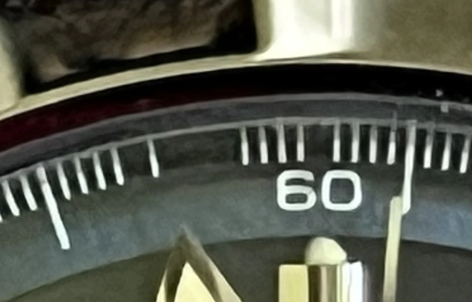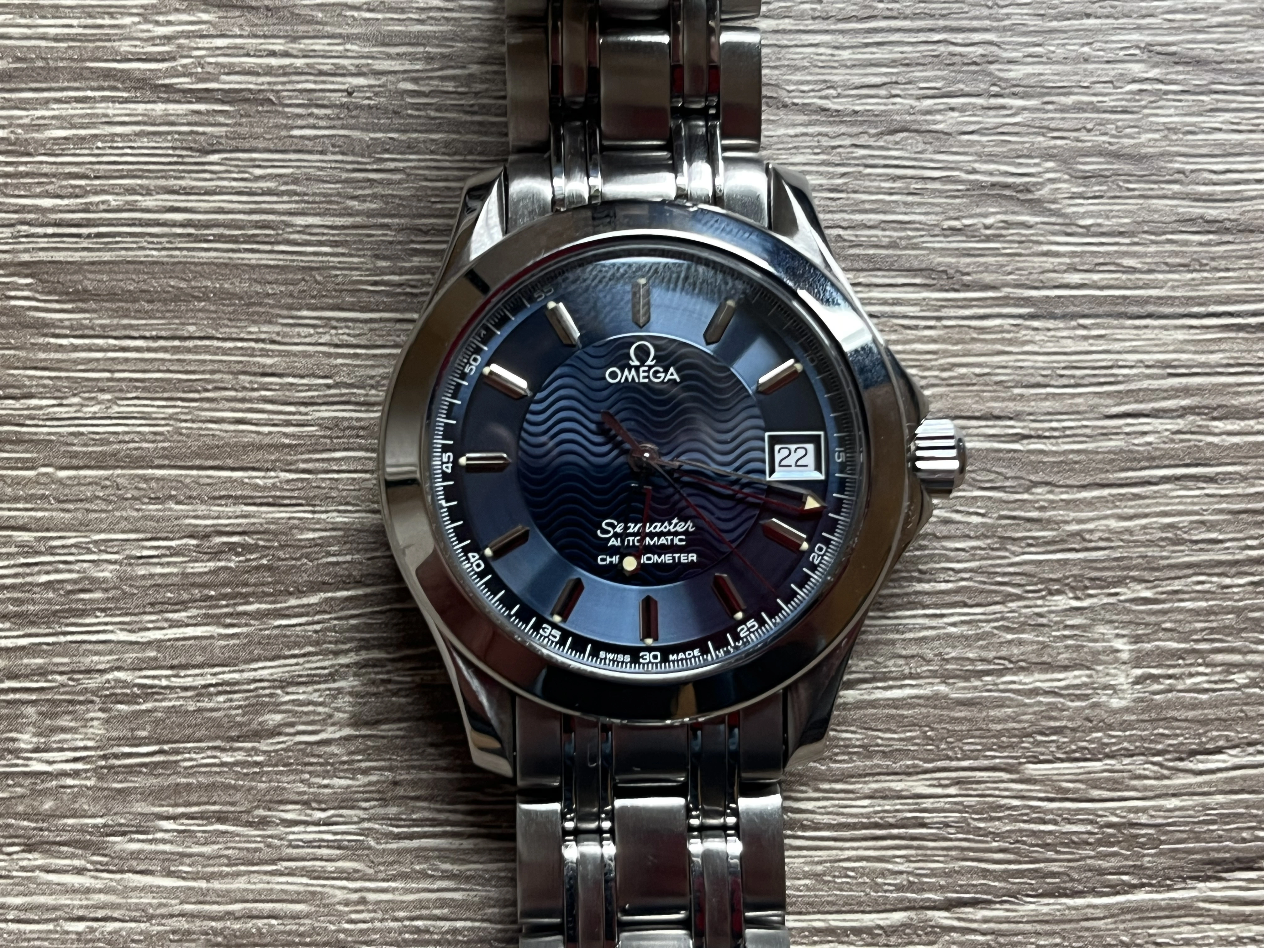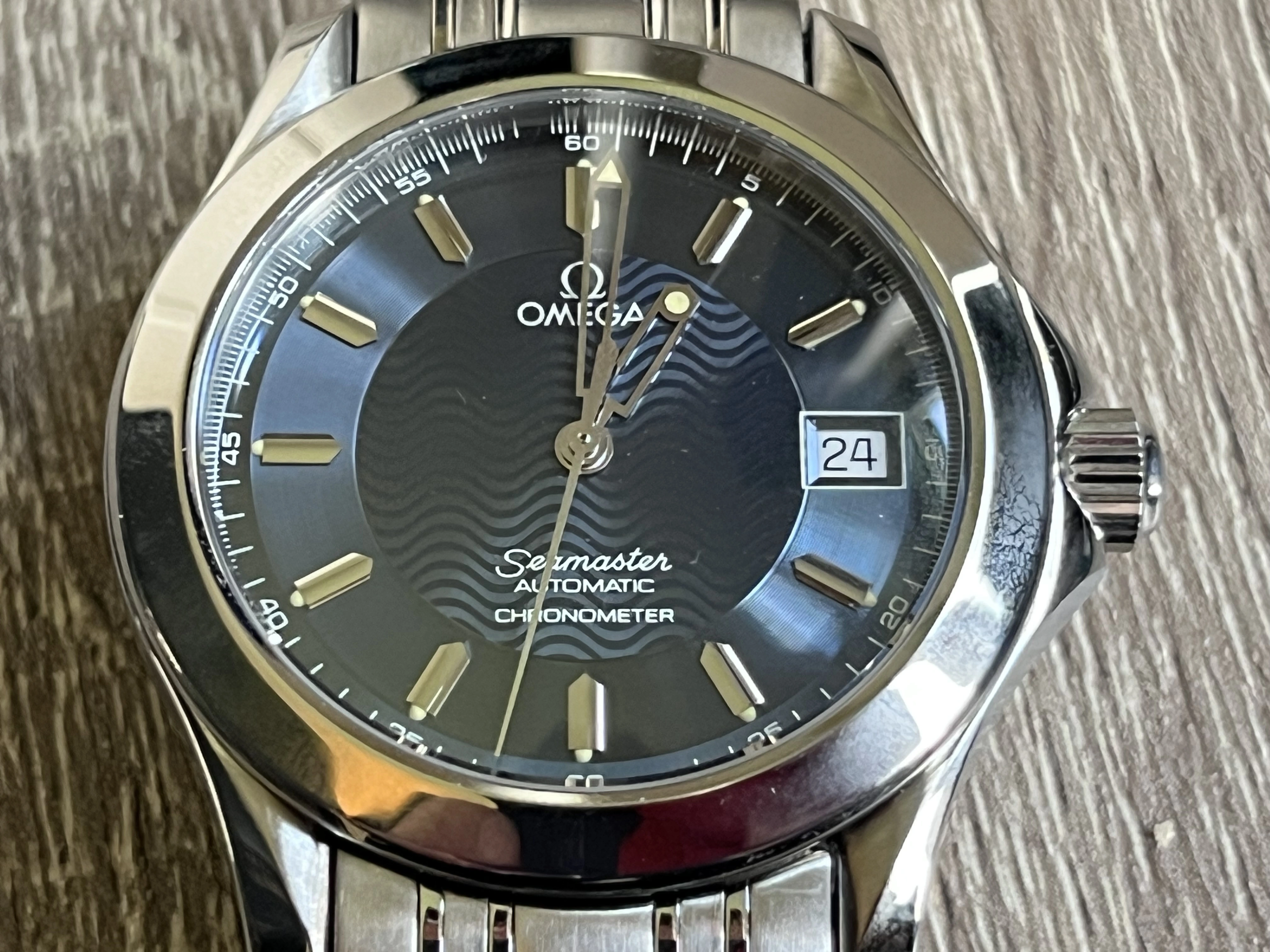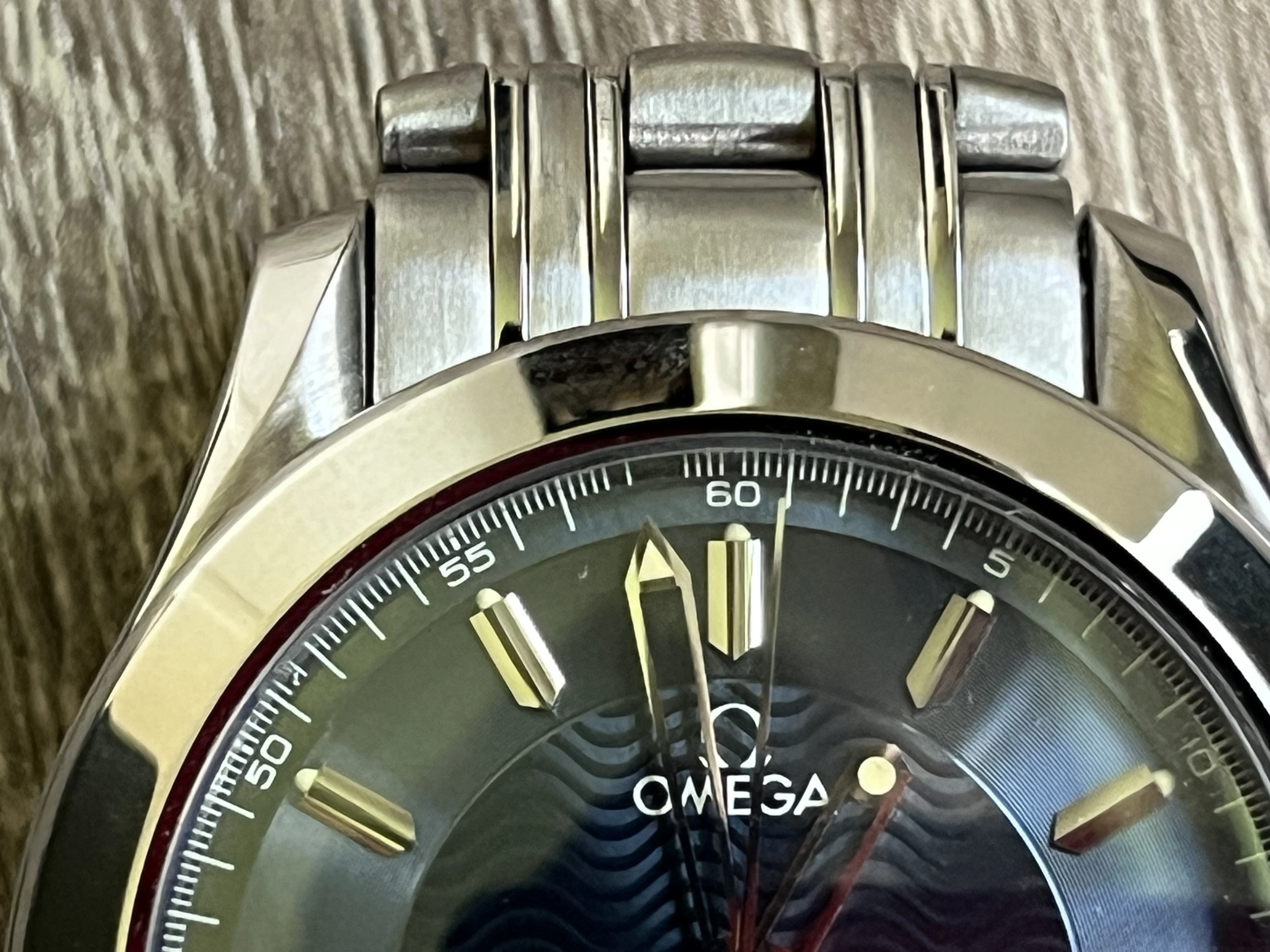 ·I have bought an Omega Seamaster 120M (ref. 2501.81) from 1996 on Chrono24 from a professional dealer. They have over 10 000 reviews and 4.9/5 in score. I bought it with the original box and a warranty card. The serial number on the card matches the serial number on the watch. It starts with 496. So far so good. When I got the watch, I first noticed something I hadn't noticed on the product photos. Some of the 1/5 second markings around the edge of the dial are missing (mostly around the 60-second mark). What I find strange, is that there is no residue or faded remnants where the markings should be. The markings immeditately next to the missing are in perfect condition. The watch itself doesn't look used. I have a hard time finding a single scratch. The box has discoloration and looks old. The dealer thinks it is age-related deterioration, but I want a second opinion just to be sure. How likely is it that the watch, including the dial, is authentic? What can be the cause behind the missing markers?
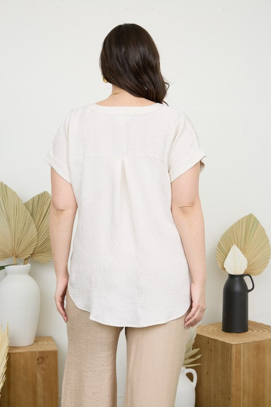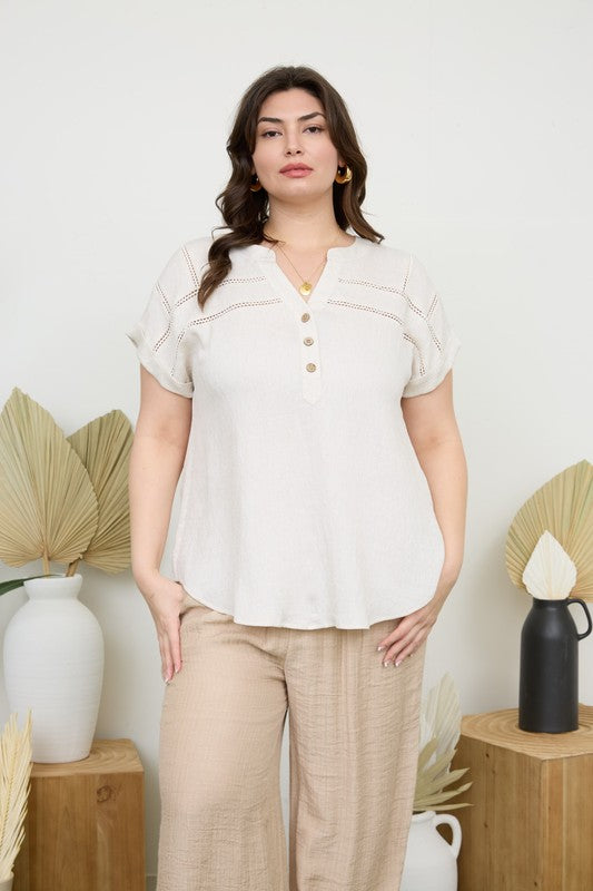 Crochet lace trim short sleeve Henley blouse, 70% rayon 20% nylon 10% linen
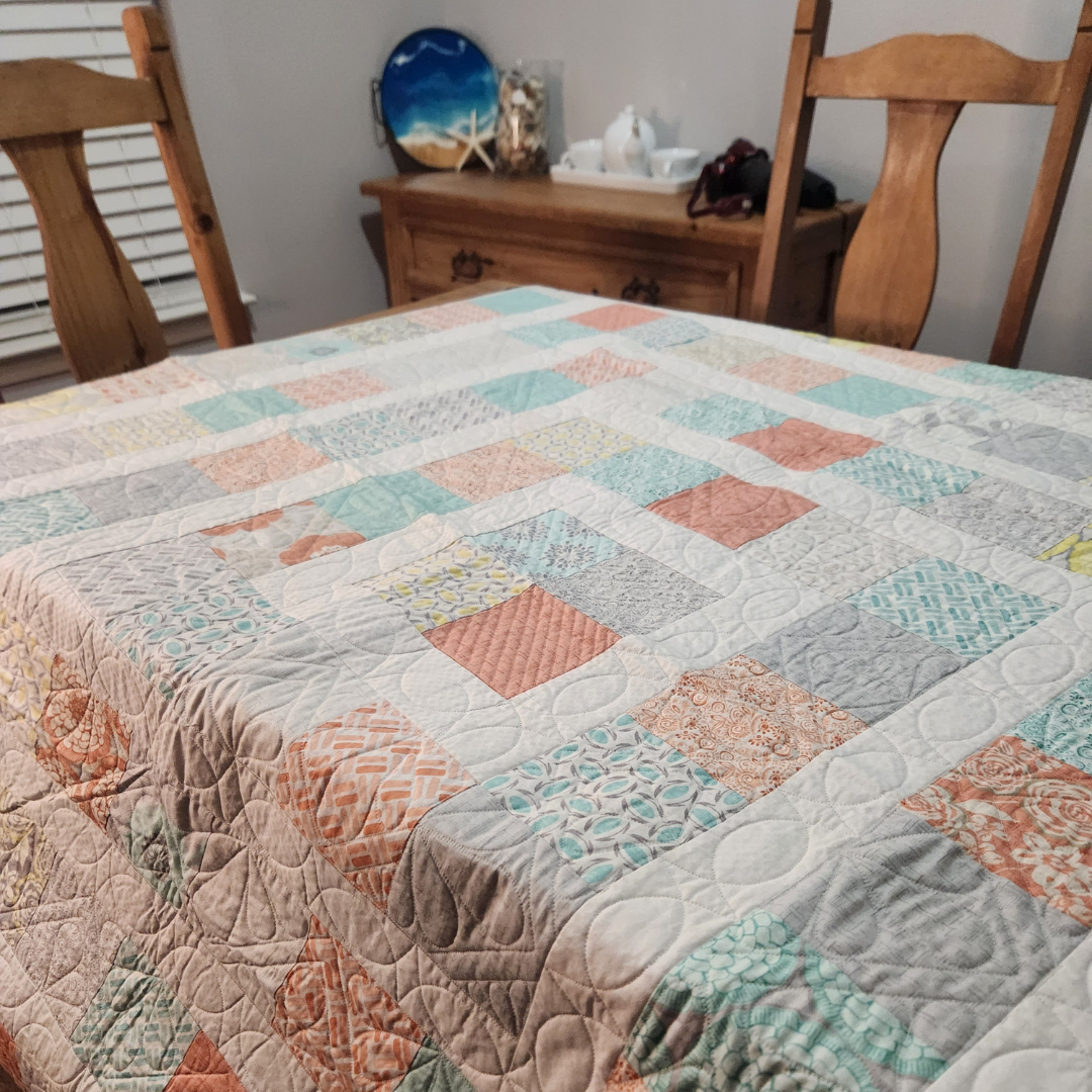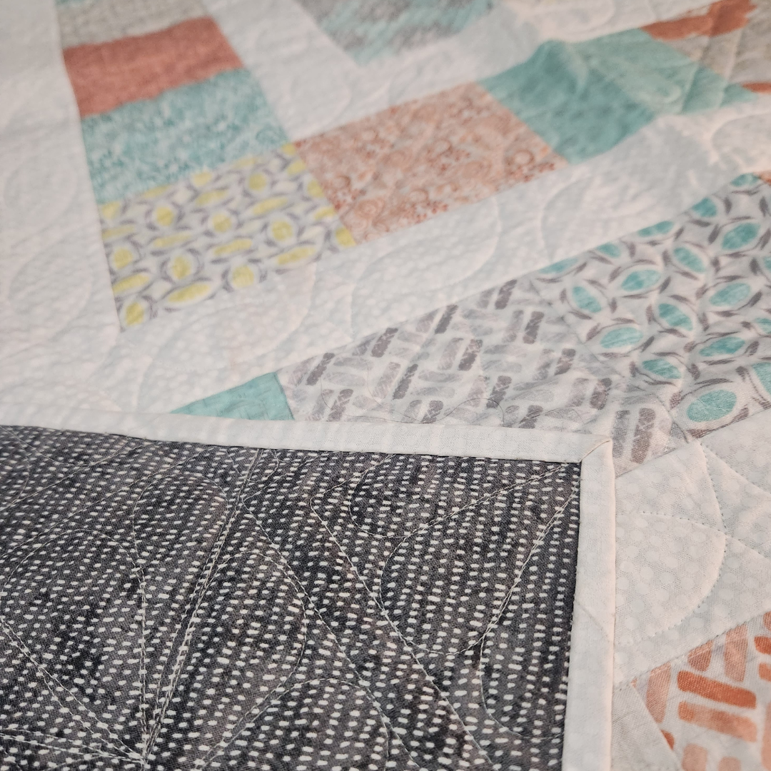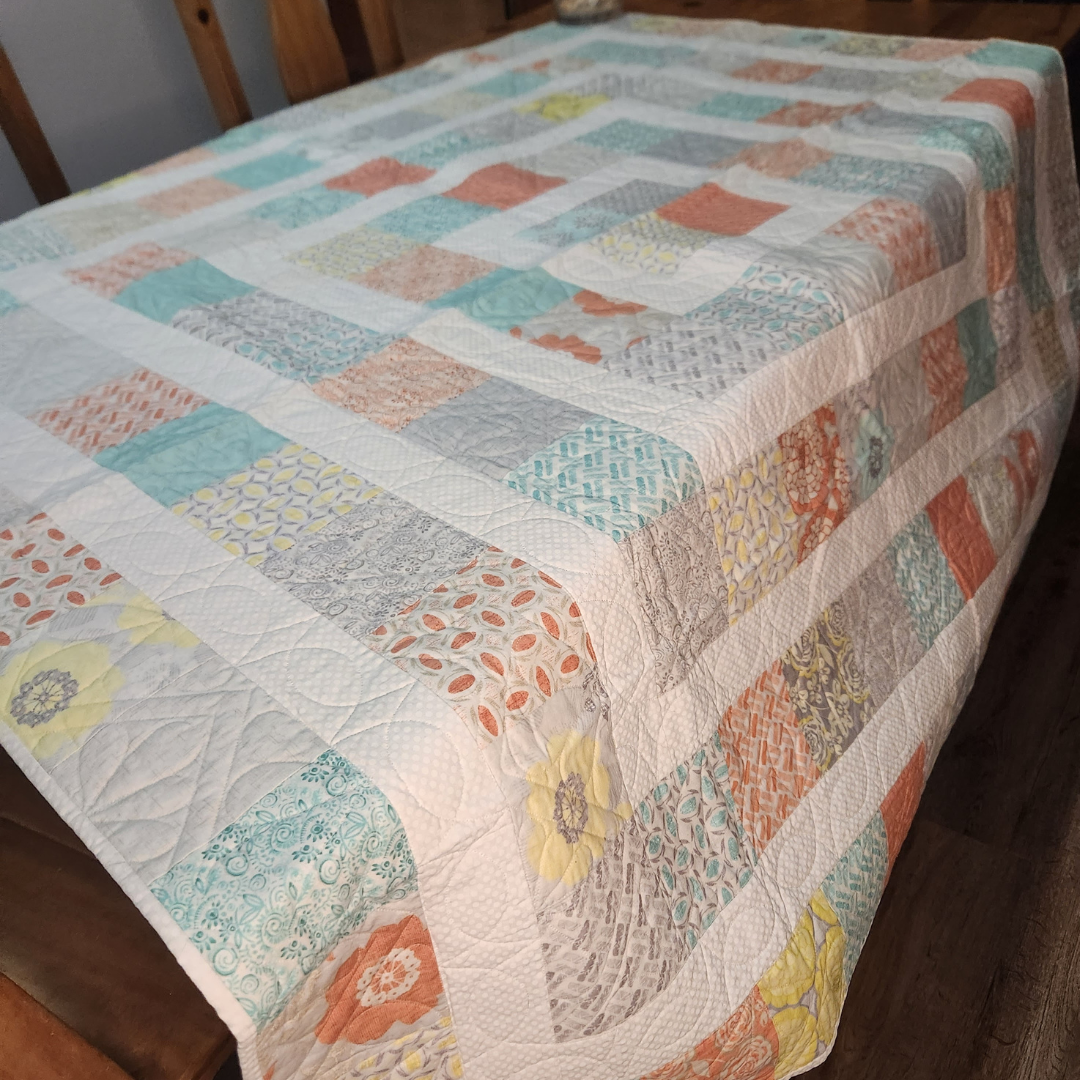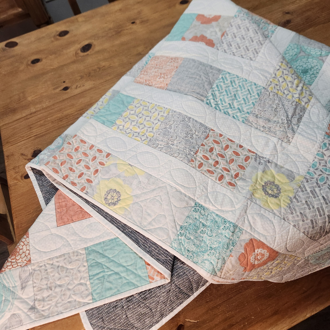 Snuggled up on the couch or tossed on a chair this medium sized quilt will add color to any room in the house. It measures approximately 62x62 inches and is made from 100% cotton fabrics. Free motion quilted by me in my quilting studio in a custom pattern, making it a one of a kind treasure. Made up in soft salmon, aqua yellow, gray colors.
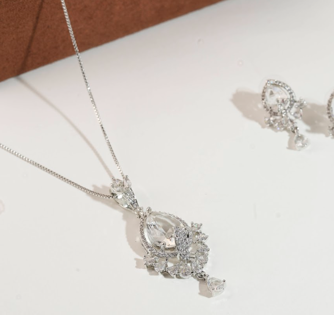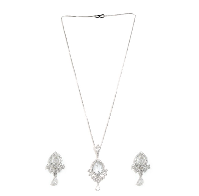 Crafted with a high-shine silver-tone finish, this jewellery set offers timeless sophistication and is ideal for both special occasions and elegant daily wear. A versatile accessory that pairs effortlessly with western, fusion, and traditional outfits.
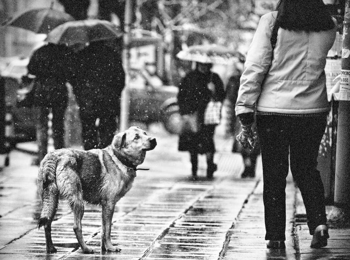 Стоило мне совершить покупку и выйти из здания, я увидел то, что сбило меня с толку. На тротуаре сидела большая беспризорная собака. Ее глаза были полны непримиримого голода. Одновременно моему сердцу стало жалко это голодное существо, но и поразили огромные размеры дворняги. Пес приметив меня на безлюдной улице, начал подбираться ближе. А затем он блокировал мне путь и не позволял пройти. Не думая дважды, я положил свои покупки на землю, достал
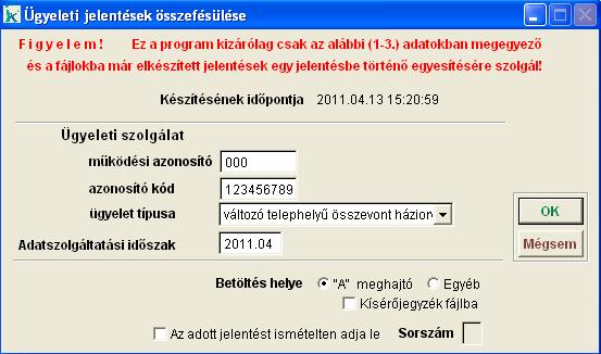 Ez a menüpont az ügyeleti jelentések összefésülésére szolgál. A megfelelő adatok megadása után, a program bekéri sorba a jelentéseket, elkészíti az összefésült jelentést, valamint a hozzá tartozó kísérőjegyzéket. A Betöltést elvégezhetjük Floppy-ról vagy más, Egyéb helyről. A kísérőjegyzéket kérhetjük fájlba is, így az nem kerül nyomtatásra. |
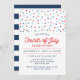 Convide seus amigos e família para a sua celebração do Dia 4 de julho com um convite festivo. O convite de festas de 4 de julho apresenta um confete vermelho branco e azul, uma tipografia fofa, e um padrão riscado branco e marinho no verso. Altere o estilo da fonte e muito mais clicando no botão Personalizar.
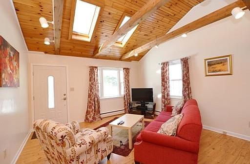 Beautifully maintained 3 bedroom 1 bathroom Ranch in quiet, peaceful neighborhood setting. Nothing to do but move right in! Open floor plan is ideal for entertaining. Recently updated, eat in kitchen offers new maple cabinets,granite counters, stainless steel appliances and access to back deck, great for summer BBQs! Gorgeous, sun filled living room boasts Pergo floors, Cathedral ceilings, exposed wood beams and 2 skylights. Great open space! Master bedroom with hardwood floors and large closet. Beautifully updated bathroom! Large fenced in yard with new cedar stockade fence. Replacement windows with lifetime guarantee installed in 2003. Waterproofed basement features French Drain system with lifetime guarantee. This home is a must see!!

====

● **What to work on**: Copy the data word for word, no pictures.

● **Result for this task**:
 ·I have bought an Omega Seamaster 120M (ref. 2501.81) from 1996 on Chrono24 from a professional dealer. They have over 10 000 reviews and 4.9/5 in score. I bought it with the original box and a warranty card. The serial number on the card matches the serial number on the watch. It starts with 496. So far so good. When I got the watch, I first noticed something I hadn't noticed on the product photos. Some of the 1/5 second markings around the edge of the dial are missing (mostly around the 60-second mark). What I find strange, is that there is no residue or faded remnants where the markings should be. The markings immeditately next to the missing are in perfect condition. The watch itself doesn't look used. I have a hard time finding a single scratch. The box has discoloration and looks old. The dealer thinks it is age-related deterioration, but I want a second opinion just to be sure. How likely is it that the watch, including the dial, is authentic? What can be the cause behind the missing markers?
 Crochet lace trim short sleeve Henley blouse, 70% rayon 20% nylon 10% linen
 Snuggled up on the couch or tossed on a chair this medium sized quilt will add color to any room in the house. It measures approximately 62x62 inches and is made from 100% cotton fabrics. Free motion quilted by me in my quilting studio in a custom pattern, making it a one of a kind treasure. Made up in soft salmon, aqua yellow, gray colors.
 Crafted with a high-shine silver-tone finish, this jewellery set offers timeless sophistication and is ideal for both special occasions and elegant daily wear. A versatile accessory that pairs effortlessly with western, fusion, and traditional outfits.
 Стоило мне совершить покупку и выйти из здания, я увидел то, что сбило меня с толку. На тротуаре сидела большая беспризорная собака. Ее глаза были полны непримиримого голода. Одновременно моему сердцу стало жалко это голодное существо, но и поразили огромные размеры дворняги. Пес приметив меня на безлюдной улице, начал подбираться ближе. А затем он блокировал мне путь и не позволял пройти. Не думая дважды, я положил свои покупки на землю, достал
 Ez a menüpont az ügyeleti jelentések összefésülésére szolgál. A megfelelő adatok megadása után, a program bekéri sorba a jelentéseket, elkészíti az összefésült jelentést, valamint a hozzá tartozó kísérőjegyzéket. A Betöltést elvégezhetjük Floppy-ról vagy más, Egyéb helyről. A kísérőjegyzéket kérhetjük fájlba is, így az nem kerül nyomtatásra. |
 Convide seus amigos e família para a sua celebração do Dia 4 de julho com um convite festivo. O convite de festas de 4 de julho apresenta um confete vermelho branco e azul, uma tipografia fofa, e um padrão riscado branco e marinho no verso. Altere o estilo da fonte e muito mais clicando no botão Personalizar.
 Beautifully maintained 3 bedroom 1 bathroom Ranch in quiet, peaceful neighborhood setting. Nothing to do but move right in! Open floor plan is ideal for entertaining. Recently updated, eat in kitchen offers new maple cabinets,granite counters, stainless steel appliances and access to back deck, great for summer BBQs! Gorgeous, sun filled living room boasts Pergo floors, Cathedral ceilings, exposed wood beams and 2 skylights. Great open space! Master bedroom with hardwood floors and large closet. Beautifully updated bathroom! Large fenced in yard with new cedar stockade fence. Replacement windows with lifetime guarantee installed in 2003. Waterproofed basement features French Drain system with lifetime guarantee. This home is a must see!!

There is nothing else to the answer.